The seeds of Jaman.com took root during a yearlong sabbatical Dhillon made after taking Informatica public and stepping down as CEO three years later in 2004. Upon his return, he was frustrated to find that the films and music he had soaked up during his travels were not available in the United States.

Dhillon raised about $4.5 million from Dhillon Capital — a fund created he created to invest in start-ups — and other investors to start the site, whose mission is to bring to audiences the 99 percent of the world’s movies that populate film festivals but never find U.S. distribution.

“Some of the best award-winning films from around the world have not been able to penetrate what is arguably the largest entertainment market,” Montalvo, senior vice president of operations at Jaman.com, said.

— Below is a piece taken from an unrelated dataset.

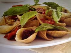 تخلط المعكرونة مع البندورة المشوية والجرجير وتقدم

The company plans on doing “grass-roots marketing” in foreign-born U.S. communities to get users on the site, where they can write reviews, network with like-minded viewers and even add a text track to the films, a la “Mystery Science Theater 3000.”

In addition to scouring the world’s film festivals for content, Jaman.com invites independent filmmakers to submit material.

Movies are streamed from a high-definition player on the site for $1.99 for rental, and $4.99 for purchase. The downloadable player works on both Macintosh and Microsoft Windows operating systems.

“In many ways we have created a film festival that never ends — meeting new friends and through them discovering new movies,” Dhillon said.

Where Jaman.com and other niche content providers may run into trouble is in convincing users to pay for content.

“It’s especially difficult if you want to charge,” Bernoff said.

But Rob Enderle, principal analyst at the independent Enderle Group, said the paid content model has worked for niche providers, especially among communities that can’t get their content elsewhere.

“We’ve seen this before in … satellite services dealing with expatriates who wanted local programming (from their countries of origin),” Enderle said. “They were perfectly willing to pay a lot of money to get one of those big dishes to pull that down.”